Looking at the code you supply and the marked points of interest:

The first line has: int x, *p, *q; which declares and defines some variables on the stack, but doesn't initialise them. Nor does C++ remember, at run-time, that this has happened. You may get some warnings at compile-time, but otherwise you have to keep track of things in your head.

So, at line 1. we don't know whether q is &x or not. If q has not been initialised, then it could point anywhere, but C++ doesn't know that and will try to write the value 3 to some piece of memory somewhere. The answer to this point is that C++ doesn't keep track of pointer values.

At line 3., again C++ is trying to write an integer value to some piece of memory, but this time its on the heap and in a multithreaded program may have been re-allocated by the time this line executes. So, unfortunately q and *q retain meaning, but its unlikely to mean what we want.

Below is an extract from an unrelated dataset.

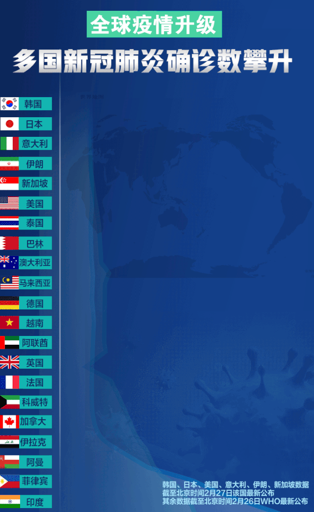 2月24日,巴林、科威特、伊拉克、阿富汗和阿曼相继宣布在本国首次确诊了新冠肺炎病例。

At line 4. its the same problem as 3., but only if (x==0), and yes as you say, the memory could have been re-allocated even though we have deleted it.

Declaring an int pointer only allocates memory for the pointer alone and on the stack.

Dereferencing a pointer means accessing the memory, for read or write, where the pointer points to.

With regard to your second piece of code:

int *x;         <-- Declares a pointer and allocates it on the stack
x = new int;    <-- Allocate a new int on the heap and remember its address in x
*x = 5;         <-- Overwrite the new int on the heap.
x = new int;    <-- Another allocation and remember its address in x
                    Now we have forgotten where the first allocation was

Dereference means read or write to the memory that the pointer points to. If you just read or write to the pointer itself, then its always safe. This is why you can pass around a null pointer and only get into trouble when its dereferenced for the first time.